— Ничего здесь, папа, нет такого, что вам мерещится! — раздраженно выкрикнула Ольга.
— Ты чего в эти дела суешься? — набросилась на мужа появившаяся Анна Петровна. — Сама разберется.
— Разберется! Ты бы разобралась, не отвадь я Чечулина. Уж двадцать пять лет Чечулиншей была бы.
— Ну и что! Он сталевар, и ты всю жизнь сталеваром пробыл.
— Сталевар сталевару рознь. «Суешься!» А ты не суешься? Да что я, не отец своей дочери? Что я, добра ей не желаю?
В эту ночь в доме Пермяковых долго не спали.
Больше всего хлопот доставлял руководству цеха Бурой, работавший на седьмой печи с Чечулиным и Смирновым. Разные были у этих сталеваров характеры, возраст и квалификация, и разными путями стремились они к первенству. Чечулин всегда вел печь в одном темпе, в полном соответствии с графиком, составленным на основе опытной плавки пяти сталеваров. С людьми он был резок и груб, а с печью обходителен и даже нежен. Бурой принимал от него печь в образцовом порядке, а сам сдавал кое-как. Завалку делал небрежно, торопился залить чугун. Процент выполнения у него был самый высокий на печи, а Смирнов после такой завалки мучился, форсировал подачу тепла и нет-нет — слегка поджигал свод. А поджог тормозил работу Чечулина.

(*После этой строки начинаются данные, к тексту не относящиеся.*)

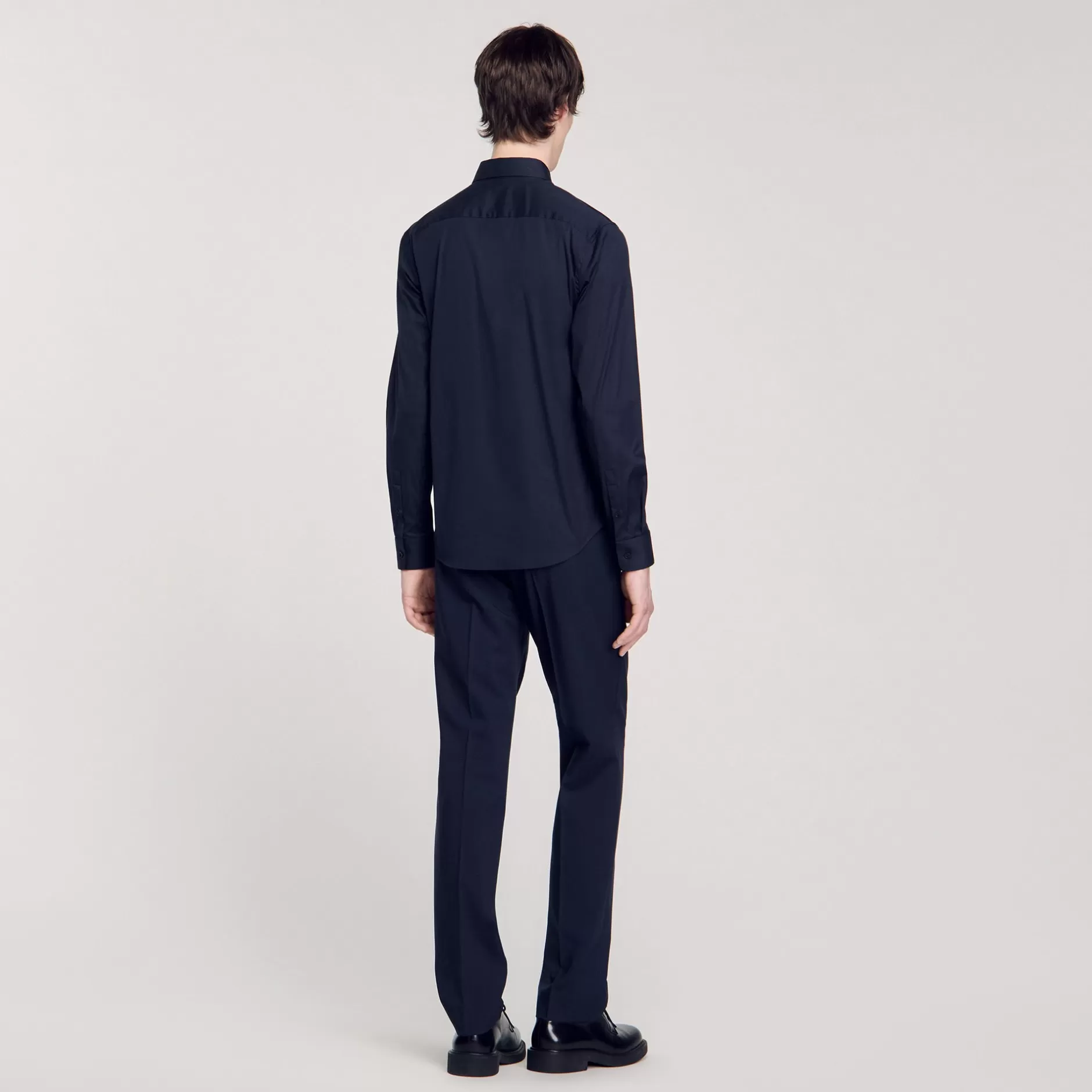 Chemise ajustée en coton stretch munie de manches longues à poignets boutonnés, d’un col classique et d’une fermeture boutonnée.

Терпел Чечулин долго, а потом рассердился, провел завалку без прогрева, по Бурому, — сразу залил чугун и, записав себе в карточку все проведенные операции, ушел. Бурой еле-еле расплавил эту плавку.
На другой день Бурой и Чечулин серьезно поругались. В спор вмешался Смирнов и тоже выложил Бурому все, что о нем думал.
Пермяков слушал перебранку, не вмешивался, но, когда Бурой сгоряча схватился за лопату, подошел, отбросил лопату в сторону и позвал Смирнова и Чечулина в комнату партбюро. Вскоре туда явился и Бурой — его по просьбе Пермякова освободил на этот день от работы Макаров.
Сталевары расселись в разных углах, не глядя друг на друга. Пермяков занялся какими-то бумажками, лежавшими на столе, потом сунул их в карман, увидев подъехавшую к цеху легковую машину, и увел сталеваров с собой.
«Уж не к директору ли везет?» — подумал Чечулин, когда машина приближалась к заводоуправлению. «Наверное, в горком», — решил Смирнов, едва свернули на главную улицу города. «Ох, как бы не в милицию!» — встревожился Бурой, вспоминая все свои словечки и лопату.
Однако машина благополучно миновала все эти учреждения и остановилась у дома Пермякова.
Никогда Чечулин не переступал порог этого дома и не собирался его переступить. Невзлюбил он своего земляка смолоду за удачливость. Обхаживал он, Чечулин, Анну Петровну (в ту пору просто Нюту) два года, на подарки не скупился, а голодраный Ванька приударил за ней, и в два месяца свадьбу сыграли. Обрадовался, когда Пермяков выехал с женой из поселка, но судьба свела их на этом заводе.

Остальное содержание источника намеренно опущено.